Supplied records:
-- -- --
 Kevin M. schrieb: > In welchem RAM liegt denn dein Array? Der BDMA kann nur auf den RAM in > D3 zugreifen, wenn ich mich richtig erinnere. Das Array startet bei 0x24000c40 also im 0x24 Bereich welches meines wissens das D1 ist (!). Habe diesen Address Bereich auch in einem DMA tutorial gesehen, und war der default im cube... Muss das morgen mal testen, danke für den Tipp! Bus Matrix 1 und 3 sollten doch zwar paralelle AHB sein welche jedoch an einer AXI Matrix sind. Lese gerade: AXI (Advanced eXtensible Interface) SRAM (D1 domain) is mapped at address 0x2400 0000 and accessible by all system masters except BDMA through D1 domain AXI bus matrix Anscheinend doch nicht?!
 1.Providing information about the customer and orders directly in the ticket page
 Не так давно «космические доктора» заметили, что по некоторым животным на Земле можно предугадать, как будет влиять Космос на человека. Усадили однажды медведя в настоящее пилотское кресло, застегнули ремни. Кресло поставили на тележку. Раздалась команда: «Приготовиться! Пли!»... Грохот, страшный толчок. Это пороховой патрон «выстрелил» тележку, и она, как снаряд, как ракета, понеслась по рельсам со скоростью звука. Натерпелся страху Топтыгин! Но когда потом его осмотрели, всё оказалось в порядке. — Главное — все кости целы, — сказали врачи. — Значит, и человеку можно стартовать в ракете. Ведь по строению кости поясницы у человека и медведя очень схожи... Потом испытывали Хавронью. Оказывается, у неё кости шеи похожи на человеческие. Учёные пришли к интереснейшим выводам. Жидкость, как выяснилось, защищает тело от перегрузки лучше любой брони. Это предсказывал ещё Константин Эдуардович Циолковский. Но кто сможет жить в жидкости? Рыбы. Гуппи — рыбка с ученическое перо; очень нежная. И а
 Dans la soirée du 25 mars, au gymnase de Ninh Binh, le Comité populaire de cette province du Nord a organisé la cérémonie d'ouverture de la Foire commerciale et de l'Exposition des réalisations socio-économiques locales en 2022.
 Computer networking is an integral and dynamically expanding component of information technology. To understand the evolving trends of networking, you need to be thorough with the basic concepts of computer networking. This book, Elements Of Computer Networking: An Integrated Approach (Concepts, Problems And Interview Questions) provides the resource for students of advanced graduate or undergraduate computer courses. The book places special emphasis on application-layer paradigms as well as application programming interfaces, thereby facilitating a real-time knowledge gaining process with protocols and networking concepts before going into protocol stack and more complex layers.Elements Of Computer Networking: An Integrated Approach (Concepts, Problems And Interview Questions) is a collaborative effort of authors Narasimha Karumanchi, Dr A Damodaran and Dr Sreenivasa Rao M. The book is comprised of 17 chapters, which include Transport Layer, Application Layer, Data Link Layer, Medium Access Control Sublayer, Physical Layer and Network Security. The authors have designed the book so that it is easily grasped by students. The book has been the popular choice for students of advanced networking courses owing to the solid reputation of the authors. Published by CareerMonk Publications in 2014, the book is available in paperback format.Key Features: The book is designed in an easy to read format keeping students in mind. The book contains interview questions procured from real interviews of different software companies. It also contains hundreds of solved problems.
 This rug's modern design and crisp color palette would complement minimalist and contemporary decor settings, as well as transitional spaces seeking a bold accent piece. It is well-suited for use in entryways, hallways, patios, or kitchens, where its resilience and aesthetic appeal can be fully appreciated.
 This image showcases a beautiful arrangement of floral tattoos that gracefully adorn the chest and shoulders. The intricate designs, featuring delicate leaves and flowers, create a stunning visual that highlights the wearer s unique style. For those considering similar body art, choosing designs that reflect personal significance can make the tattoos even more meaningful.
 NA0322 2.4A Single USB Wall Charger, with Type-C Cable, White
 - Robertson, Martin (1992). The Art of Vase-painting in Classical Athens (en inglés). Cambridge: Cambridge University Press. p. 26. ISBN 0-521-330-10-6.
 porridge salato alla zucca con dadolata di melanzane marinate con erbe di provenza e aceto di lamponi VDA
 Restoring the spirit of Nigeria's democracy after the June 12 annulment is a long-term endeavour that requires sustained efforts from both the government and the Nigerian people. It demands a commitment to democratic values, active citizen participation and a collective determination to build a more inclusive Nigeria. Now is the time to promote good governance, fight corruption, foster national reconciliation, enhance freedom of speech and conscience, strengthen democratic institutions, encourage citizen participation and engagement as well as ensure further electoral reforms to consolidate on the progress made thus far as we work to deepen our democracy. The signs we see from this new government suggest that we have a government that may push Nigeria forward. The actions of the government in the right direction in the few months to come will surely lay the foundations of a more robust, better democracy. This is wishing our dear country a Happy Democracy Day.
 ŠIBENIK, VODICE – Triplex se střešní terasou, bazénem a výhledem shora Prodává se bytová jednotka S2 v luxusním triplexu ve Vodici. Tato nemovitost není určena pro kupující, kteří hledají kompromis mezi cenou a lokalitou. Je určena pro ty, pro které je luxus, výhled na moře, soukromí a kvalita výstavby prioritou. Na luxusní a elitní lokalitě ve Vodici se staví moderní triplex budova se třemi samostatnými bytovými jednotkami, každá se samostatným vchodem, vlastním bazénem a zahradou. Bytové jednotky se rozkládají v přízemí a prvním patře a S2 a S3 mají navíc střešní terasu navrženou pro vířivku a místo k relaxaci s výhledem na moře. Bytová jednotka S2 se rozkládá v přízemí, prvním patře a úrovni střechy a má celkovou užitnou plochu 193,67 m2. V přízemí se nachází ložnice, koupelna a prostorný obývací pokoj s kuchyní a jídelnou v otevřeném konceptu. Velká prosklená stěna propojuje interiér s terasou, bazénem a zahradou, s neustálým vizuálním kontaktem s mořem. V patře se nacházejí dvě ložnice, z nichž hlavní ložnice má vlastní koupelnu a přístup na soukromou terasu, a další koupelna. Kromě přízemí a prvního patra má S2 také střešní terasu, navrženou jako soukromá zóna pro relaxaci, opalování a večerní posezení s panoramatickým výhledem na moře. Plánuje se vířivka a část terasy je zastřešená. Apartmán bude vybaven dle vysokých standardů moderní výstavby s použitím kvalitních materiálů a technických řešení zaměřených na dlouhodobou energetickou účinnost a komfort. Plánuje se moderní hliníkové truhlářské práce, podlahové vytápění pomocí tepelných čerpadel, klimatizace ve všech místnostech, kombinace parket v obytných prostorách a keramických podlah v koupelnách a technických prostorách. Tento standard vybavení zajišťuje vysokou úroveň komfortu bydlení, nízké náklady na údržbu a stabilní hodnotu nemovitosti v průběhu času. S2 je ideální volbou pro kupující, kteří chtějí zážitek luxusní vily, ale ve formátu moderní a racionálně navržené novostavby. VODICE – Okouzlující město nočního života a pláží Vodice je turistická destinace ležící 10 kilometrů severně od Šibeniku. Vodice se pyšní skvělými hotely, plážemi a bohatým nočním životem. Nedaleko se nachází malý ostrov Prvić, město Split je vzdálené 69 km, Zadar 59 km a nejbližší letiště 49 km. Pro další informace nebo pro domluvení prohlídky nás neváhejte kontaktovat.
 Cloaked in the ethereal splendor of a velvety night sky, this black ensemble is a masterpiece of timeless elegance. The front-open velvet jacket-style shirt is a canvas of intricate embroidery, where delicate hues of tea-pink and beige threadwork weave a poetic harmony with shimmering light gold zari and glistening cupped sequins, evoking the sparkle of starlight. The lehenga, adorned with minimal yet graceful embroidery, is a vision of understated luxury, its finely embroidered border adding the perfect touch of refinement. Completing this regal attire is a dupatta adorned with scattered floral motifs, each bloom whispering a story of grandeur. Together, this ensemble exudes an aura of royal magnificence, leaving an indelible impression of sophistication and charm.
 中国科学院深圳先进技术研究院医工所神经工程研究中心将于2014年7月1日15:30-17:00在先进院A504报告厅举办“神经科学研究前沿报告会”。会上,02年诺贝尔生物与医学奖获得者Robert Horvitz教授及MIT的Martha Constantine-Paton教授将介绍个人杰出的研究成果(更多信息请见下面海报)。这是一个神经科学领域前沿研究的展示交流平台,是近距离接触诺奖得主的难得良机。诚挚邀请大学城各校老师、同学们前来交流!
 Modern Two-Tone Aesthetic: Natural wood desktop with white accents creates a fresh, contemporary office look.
-- -- --
Task directions:
From the first line of the listing above through the line that contains "1.Providing information about", set down each line without alteration, and nothing else.

Finished exercise:
 Kevin M. schrieb: > In welchem RAM liegt denn dein Array? Der BDMA kann nur auf den RAM in > D3 zugreifen, wenn ich mich richtig erinnere. Das Array startet bei 0x24000c40 also im 0x24 Bereich welches meines wissens das D1 ist (!). Habe diesen Address Bereich auch in einem DMA tutorial gesehen, und war der default im cube... Muss das morgen mal testen, danke für den Tipp! Bus Matrix 1 und 3 sollten doch zwar paralelle AHB sein welche jedoch an einer AXI Matrix sind. Lese gerade: AXI (Advanced eXtensible Interface) SRAM (D1 domain) is mapped at address 0x2400 0000 and accessible by all system masters except BDMA through D1 domain AXI bus matrix Anscheinend doch nicht?!
 1.Providing information about the customer and orders directly in the ticket page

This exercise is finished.